Suffolk City Council is Doing a Good Job
Suffolk's Housing Development is Consistent with the Economic Realities of the 2020s
Housing construction, growth, and infrastructure are very contentious topics in Suffolk. If you are plugged into local groups, it’s hard to go even a day without hearing concerns about new housing, growth, traffic, and infrastructure. Many people suggest that the City Council and the Mayor are doing a poor job or are even corrupt.
The reality is that these are very complex and interconnected problems. Economists estimate that there is a housing shortage of 3.3-5.5 million homes, homes that must be built for housing prices to come down. This is a national issue that impacts us all locally. If we don’t build enough housing units, housing prices will continue to rise, but if we build more locally, it will impact traffic and our community. But the reality is that this same discussion is being had in every community in the country, and the vast majority of city councils are choosing to build far fewer homes than needed.
Suffolk City Council, on the other hand, has taken actions that are consistent with the economic research on housing affordability. Research by Edward L. Glaeser and Joseph Gyourko from the Wharton School of Economics found that low-density zoning and other land-use controls restricting the development of housing were the primary drivers of increased housing costs.
Some argue that an influx of high-earning workers increases home prices in a region and that zoning changes will not stop price increases, but in “Zoning and affordability: A reply to Rodríguez-Pose and Storper”, they argue very strongly against this idea. One quote from that article summarizes the issue perfectly:
“If high earners drive prices, why do Cadillac Escalades cost about the same in San Jose and Kansas City, while San Jose’s median home is seven times more expensive than its Kansas City counterpart?”

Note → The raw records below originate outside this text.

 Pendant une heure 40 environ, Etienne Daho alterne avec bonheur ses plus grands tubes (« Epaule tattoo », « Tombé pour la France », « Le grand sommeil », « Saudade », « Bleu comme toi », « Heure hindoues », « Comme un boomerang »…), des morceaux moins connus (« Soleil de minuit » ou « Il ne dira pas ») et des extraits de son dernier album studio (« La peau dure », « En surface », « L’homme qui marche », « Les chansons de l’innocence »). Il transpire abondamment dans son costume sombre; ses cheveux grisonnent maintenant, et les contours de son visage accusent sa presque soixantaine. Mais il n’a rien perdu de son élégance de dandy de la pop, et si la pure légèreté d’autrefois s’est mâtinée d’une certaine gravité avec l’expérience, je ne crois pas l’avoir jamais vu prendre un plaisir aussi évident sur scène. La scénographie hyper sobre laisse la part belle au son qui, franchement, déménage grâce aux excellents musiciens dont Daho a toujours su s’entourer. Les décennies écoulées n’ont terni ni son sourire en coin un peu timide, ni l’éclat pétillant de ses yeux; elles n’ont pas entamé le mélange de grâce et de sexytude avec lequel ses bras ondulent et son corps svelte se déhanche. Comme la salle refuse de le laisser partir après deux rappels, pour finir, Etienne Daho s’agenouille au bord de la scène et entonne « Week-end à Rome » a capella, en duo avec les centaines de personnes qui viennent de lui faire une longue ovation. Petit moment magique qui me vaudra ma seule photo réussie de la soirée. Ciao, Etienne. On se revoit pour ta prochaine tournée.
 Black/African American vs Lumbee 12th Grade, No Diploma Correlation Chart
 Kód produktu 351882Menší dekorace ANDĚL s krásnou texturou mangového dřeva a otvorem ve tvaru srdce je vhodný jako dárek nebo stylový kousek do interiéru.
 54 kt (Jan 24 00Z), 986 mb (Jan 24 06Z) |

The authors’ answer is simple. Escalades are easy to build, and if there aren’t enough of them you can ship more of them in. Housing construction is heavily restricted by zoning, and if there isn’t enough housing, the only option is for prices to go up.

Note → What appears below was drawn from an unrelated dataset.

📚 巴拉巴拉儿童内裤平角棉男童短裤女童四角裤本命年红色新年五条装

To be clear, building housing in Suffolk is necessary. Suffolk and Hampton Roads are areas experiencing a large influx of high-paying jobs. There is nothing that Suffolk City Council can do to prevent companies in Newport News and Norfolk from hiring software engineers or other high-salary workers. Nor can the city council stop those workers from considering purchasing a home in North Suffolk. But the City Council can choose to build more housing and lessen the impact of increased demand by high-salaried workers.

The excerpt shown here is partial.